A ratio is a comparison of 2 quantities that have the same unit. When cooking, you can compare the quantities of milk to sugar as 1 to 2. You can compare the number of cats to dogs living in a city, with the unit being whole numbers. You can compare summer and winter rainfall, both using the unit of inches. Its important to understand ratios in life so that you can understand relationships between things. Just reading the news you’ll hear ratios used all the time.

Ratios and fractions seem the same at first, but they aren’t. Ratios can look like fractions if written with the fraction mark. And they’re similar because you must reduce ratios to a form in which both numbers are divisible only by 1. 3 to 6 is 1 to 2. Reduce them the same way you would fractions.

Ratios do have equivalents like fractions do (½ and 3/6 and 6/12), and this becomes important when you solve problems using ratios. Unlike fractions, though, ratios are a comparison of 2 different quantities, like a comparison of milk to sugar in a recipe, as opposed to a fraction, which is a part of a 1 whole quantity, like ½ cup of milk.

Learn how ratios can be written so you will recognize them in all forms in a newspaper or on a test. A colon, the word “to”, and a fraction mark are all ways you’ll see ratios written. But regardless of how they are written, you always speak them as “1 TO 4”, saying the number on the left first. Ratios do not have units written with them because the context they are written in will tell you what the unit is.

There are a few specific points to remember when solving problems with ratios. When 2 units are compared in a problem, you have to convert 1 unit so they are the same. For example, you can’t compare months to years, so one unit has to be converted to match the other.

When you read a problem and have to work with a ratio, it is important to write the ratio in the right order. So if a problem asks about a ratio in one order, even if the numbers are listed in a different order in the problem, you have to write the ratio according to the question. So here, the answer is 6 to 9, not 9 to 6.

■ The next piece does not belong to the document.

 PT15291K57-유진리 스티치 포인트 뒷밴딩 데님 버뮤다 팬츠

A rate is just a special type of ratio. A rate compares 2 quantities and, unlike a ratio, must have 2 different units. (here miles to hours. ) Units must be written. And you don’t say “to” to compare the numbers. You use “Per” when you have reduced the ratio.

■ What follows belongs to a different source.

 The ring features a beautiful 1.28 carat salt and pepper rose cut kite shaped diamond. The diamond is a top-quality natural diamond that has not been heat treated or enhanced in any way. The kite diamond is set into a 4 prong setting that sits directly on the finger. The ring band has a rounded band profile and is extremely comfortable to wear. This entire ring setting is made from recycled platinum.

A unit rate is how many units one quantity is per 1 unit of another quantity. There are some common unit rates you think about all the time. Earnings, driving, and comparing items in the grocery store is where you encounter unit rates.

Let’s calculate a unit rate. Look at the question. You should recognize this as a ratio problem because you see 2 quantities being compared, Now notice that the units are different, too, so you should recognize it as a rate problem. It’s rate when the questions asks about “per anything. Step 1, note the units in the order asked. Next, apply the numbers to those units .Then, divide the numerator by the denominator, and you get your unit rate of 80 mph.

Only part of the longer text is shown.